Structural Nanocrystalline Materials: Mechanical properties of structural nanocrystalline materials – theory and simulations

Introduction The rapidly growing scientific and technological interest in structural nanocrystalline bulk materials and coatings arises from their outstanding mechanical properties opening a range of new applications; see, for example, reviews (Koch et al. , 1999; Gleiter, 2000; Gutkin et al. , 2001; Mohamed and Li, 2001; Padmanabhan, 2001; Veprek and Argon, 2002; Kumar et al. , 2003a; Milligan, 2003; Ovid'ko, 2004; Valiev, 2004; Chokshi and Kottada, 2006; Han et al. , 2005; Ovid'ko, 2005a, b; Wolf et al. , 2005) and books (Roco et al. , 2000; Chow et al. , 2000; Farkas et al. , 2001; Berndt et al. , 2003; Komarneni et al. , 2003; Gutkin and Ovid'ko, 2004a). These outstanding mechanical properties are caused by the interface and nanoscale effects associated with structural peculiarities of nanocrystalline materials where the volume fraction of the interfacial phase is extremely high, and grain size d does not exceed 100 nm.
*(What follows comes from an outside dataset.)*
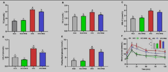 综上所述,补充WKB12周后,可有效减轻肥胖症状、血脂和葡萄糖,改善小鼠胰岛素抵抗和肝功能标志物,从而缓解肝脂肪变性。综合粪便微生物组和代谢组学分析进一步表明,WKB能够使HFD诱导的小鼠肠道生态失调正常化,从而介导多种代谢物的改变。特别是,WKB显著增加了益生菌(Akkermansiaceae,Bifidobacterceae和norank_f_Muribaculaceae)的相对丰度,并抑制了饮食诱导的肝脂肪变性小鼠中有害细菌(粘液螺旋菌,肠杆菌和Dubosiella)的生长。WKB改变的显著差异代谢产物在脂质代谢中被注释,可通过调节甘油磷脂代谢来改善肝脂肪变性。本研究从微生物组和代谢组学的角度阐明了WKB在预防非酒精性脂肪性肝病中的作用,为其在功能性食品中的应用提供了新的见解。(转化医学网360zhyx.com)

For instance, nanocrystalline bulk materials and coatings often exhibit extremely high strength, superhardness and good fatigue resistance desired for numerous applications; see Chapter 4 and the literature (Siegel and Fougere, 1995; Hahn and Padmanabhan, 1995; Koch et al. , 1999; Gleiter, 2000; Gutkin et al. , 2001; Mohamed and Li, 2001; Niederhofer et al. , 2001; Padmanabhan, 2001; Veprek and Argon, 2002; Kumar et al. , 2003a; Milligan, 2003; Patscheider, 2003; Valiev, 2004; Chokshi and Kottada, 2006; Han et al. , 2005; Ovid'ko, 2005a, b; Wolf et al. , 2005). At the same time, in most cases, nanocrystalline materials show low tensile ductility at room temperature, which essentially limits their practical utility.